Jéssica comenta que a mãe até riu da travessura, mas quando o pai chegou, a bronca foi geral. “Ele fez a gente colocar as laranjas que restavam numa bacia e devolver tudo para a vizinha. Disse que nós havíamos invadido uma propriedade particular, que era um absurdo pularmos o muro e que, se queríamos laranja, deveríamos ter pedido à vizinha”, lembra. Hoje, ela segue o exemplo com os filhos.
Para Neme, o que esse pai fez foi definir limites para aquelas crianças. A psicóloga explica que essa “arte” de subir no muro para pegar frutas sem o intuito de depredar é pura molecagem. É uma forma de testar seus próprios limites e viver uma aventura.
“Mas uma atitude firme dos pais nesse momento, mostrando que aquilo não é correto, é muito importante”, garante. Segundo Neme, é o adulto que vai mostrar, por meio das regras educativas, que não é possível satisfazer todas as vontades, mas que é possível buscar alternativas.

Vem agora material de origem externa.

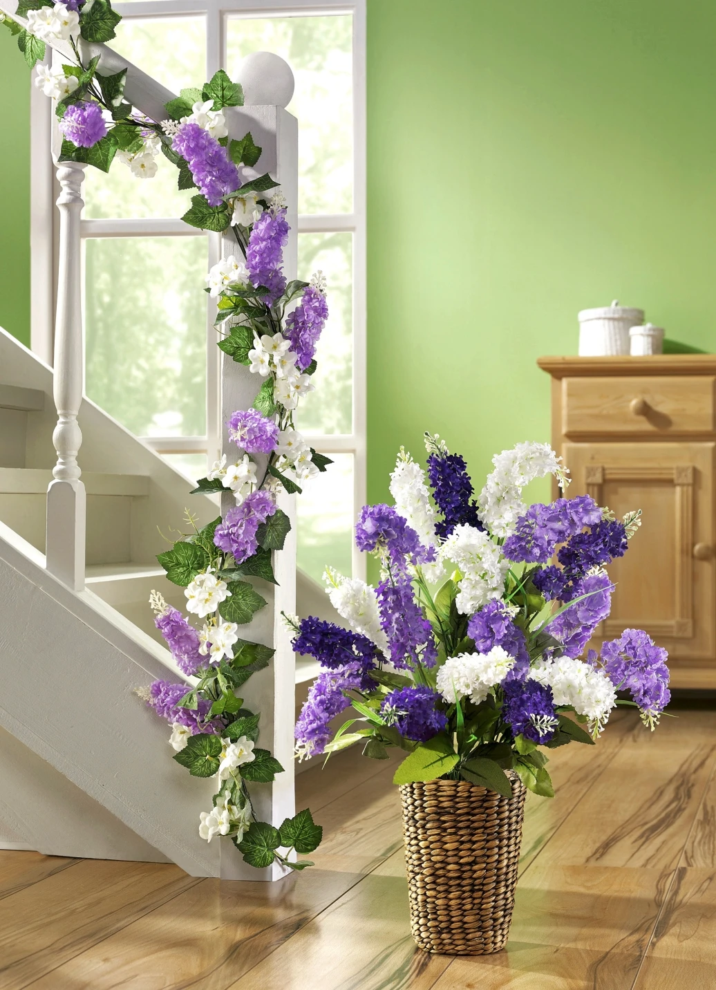 Lilafarbener Flieder wurde hier zusammen mit weißen Blüten und grünen Blättern zu einer langen Girlande aneinandergereiht. Aus hochwertigem Kunst- und Textilmaterial gefertigt

“Até os 5 anos, a criança não tem ainda delimitado o eu e o outro. Se o brinquedo está ali, ela entende que é dela. Na hora de ir embora, ela quer levar e muitas mães pedem para a mãe do outro deixá-la levar. É erradíssimo isso (...) A criança precisa ser frustrada. Isso a ajuda a aprender a lidar com esse tipo de situação”, orienta.